Гибель Готтфрида Ленца в «Трех товарищах» для его друзей является потерей куда более страшной, чем стала бы гибель всего окружавшего мира.
Стоит также отметить, что герои Ремарка в своем индивидуализме отнюдь не пассивны.
Они борются со злом по мере возможностей и внутренних побуждений.
Борьба идет от простой схватки с нарождающимися нацистами («Черный обелиск») или будущим «Гитлерюгендом» («Возвращение») до прямого активного выступления.
В повестях о второй мировой войне, превзошедшей первую по своей звериной сути, часто повторяется мотив расправы со злодеем.
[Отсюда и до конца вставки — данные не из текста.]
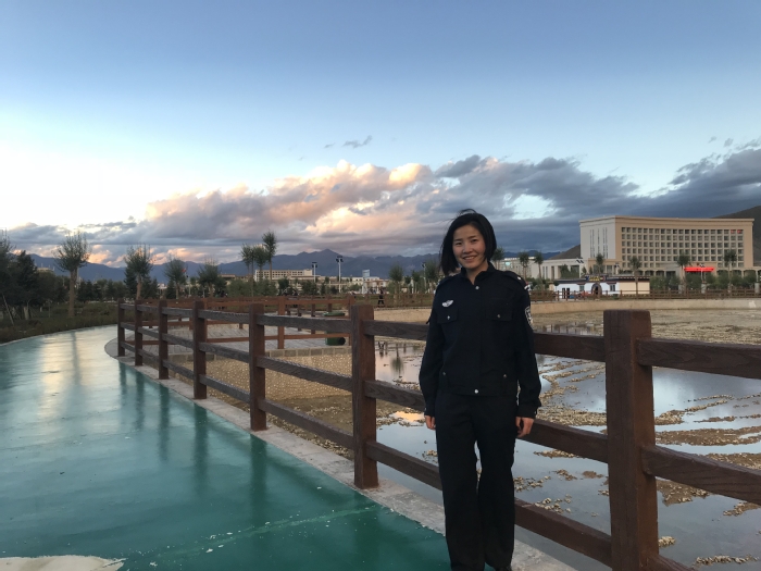 李庆云,设计学院2017届环境设计专业毕业生,现任西藏日喀则市桑珠孜区公安局新开发区派出所四级警长。大学毕业后的李庆云怀揣着对祖国边疆的热爱与向往,报名参加西藏自治区公安机关选拔考试,最终被录取到日喀则市基层派出所工作。寒冬腊月里,李庆云背起行囊踏上雪域高原,没曾想进藏后,由于高寒缺氧,她持续头疼、呕吐一个星期,这让本就瘦弱的她暴瘦10斤。但李庆云没有退缩,她很珍惜这份为国戍边、为民服务的职业,几年来,她克服重重困难,每逢佳节,她都选择坚守岗位,守护万家灯火、做好后勤保障,她总说:“我还年轻,你们先回”。六年里,李庆云在基层工作中发挥自己的光和热,完成了从“艺术生”到“人民警察”的蜕变,让青春在党和人民最需要的地方绽放绚丽之花。

Обычно это убийство личного врага или месть безжалостному палачу («Триумфальная арка» «Возлюби ближнего», «Ночь в Лиссабоне»).
Высшая форма благородного взрыва описана во «Времени жить и времени умирать», когда Эрнст Гребер убивает изувера Штейнбреннера – однополчанина, не сделавшего лично ему ничего плохого.
Но может ли убийство быть благородным делом?
Конечно же, может; Ремарк не толстовец, физическое уничтожение насильника для него есть акт гуманный.
Впрочем, как и для любого всерьез пострадавшего человека.
Другое дело, что схватки никогда не приносят героям облегчения, а порой оказываются просто самоубийственными (прямо в «Возлюби ближнего» и косвенно во «Времени жить и времени умирать»).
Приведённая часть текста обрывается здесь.